While watching shows, seems mostly DirecTV content, the unit switches between audio types and the sound drops briefly while doing it. Then about a second later it switches back and continues for several minutes before doing it again.

My question would be, after reading the manual, am I missing something that automatically switches the type during a show? I see it mostly going to Voice?? Dialog??, something like that, and then back to Movie or Game for audio. I hear the receiver clicking when changing to dialog but not going back to game/movie.

Thanks in advance for any help here. Hope it is not a defective unit.

Mikey


----------



## recruit (May 9, 2009)

Hello Mikey and welcome to the Home Theatre Shack :T

It certainly does not sound particularly right as it should not be doing that, I would do a factory reset and see if it cures it which it may well do, otherwise I would contact your dealer that you bought it from and take it further with them.

Edit: Just another thought also check you cabling or try another cable if possible?


----------



## macmikey (Aug 17, 2010)

recruit said:


> Hello Mikey and welcome to the Home Theatre Shack :T
> 
> It certainly does not sound particularly right as it should not be doing that, I would do a factory reset and see if it cures it which it may well do, otherwise I would contact your dealer that you bought it from and take it further with them.
> 
> Edit: Just another thought also check you cabling or try another cable if possible?


I'll try the cable and reset. I use only good HDMI cables so hopefully that is not it. 

Thanks for the info.

Mikey


----------



## tonyvdb (Sep 5, 2007)

This is normal for any TV or satt receivers as when you go from the show to a commercial some are not recorded in 5.1 and others are only 2.1, You need to go into the receivers user audio presets menu and select the listening mode and instead of leaving it in auto you should force it to stay in Dolby digital or what ever mode you prefer it to stay in.


----------



## macmikey (Aug 17, 2010)

tonyvdb said:


> This is normal for any TV or satt receivers as when you go from the show to a commercial some are not recorded in 5.1 and others are only 2.1, You need to go into the receivers user audio presets menu and select the listening mode and instead of leaving it in auto you should force it to stay in Dolby digital or what ever mode you prefer it to stay in.


 understood it would do that, this was while watching a recorded South Park episode where Kyle and Stan were playing Guitar Hero.

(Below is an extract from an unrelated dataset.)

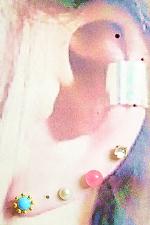 軸の長さ11ミリ、有効軸長8ミリ軸はチタンです。チタン軸とお皿部分にはメッキがかかっておりません。ファーストピアスのロングタイプとほぼ同じサイズですので耳が厚い方にもおすすめします。 軸がセラミックや樹脂のタイプもございますが、その場合軸はロングタイプにはなりませんのでご注意ください。 耳には耳掻き、当店おなじみの耳掻きピアスです(笑)こんなカラフルでキラキラでしたら耳かきも楽しそうですね。大きさ8ミリ見た目は小さなわっかのピアスのように見えます。 ピアスをあける時のファーストピアスと同じ長さですので、耳の厚い方でもつけていただけます。耳が大きくなってなければ。 |

Each time the music started it would change, then go to dialog and then back to game/movie whatever.

Thats what is weird


----------



## tonyvdb (Sep 5, 2007)

It may have been a glitch on the satt providers part. Have you been able to reproduce it with any other shows?


----------



## mechman (Feb 8, 2007)

More than likely it is as Tony says, a DirecTV issue.


----------



## macmikey (Aug 17, 2010)

Seems to be happening with DTV only. So maybe that is what is happening.

mikey


----------



## macmikey (Aug 17, 2010)

Well, just dropped DirecTV anyway as it was costing me a fortune to keep.

My sound has been working fine since. So it was DTV doing funky things to the signal either from the recorded shows on DVR or live.

Thanks for assists.

Mikey


----------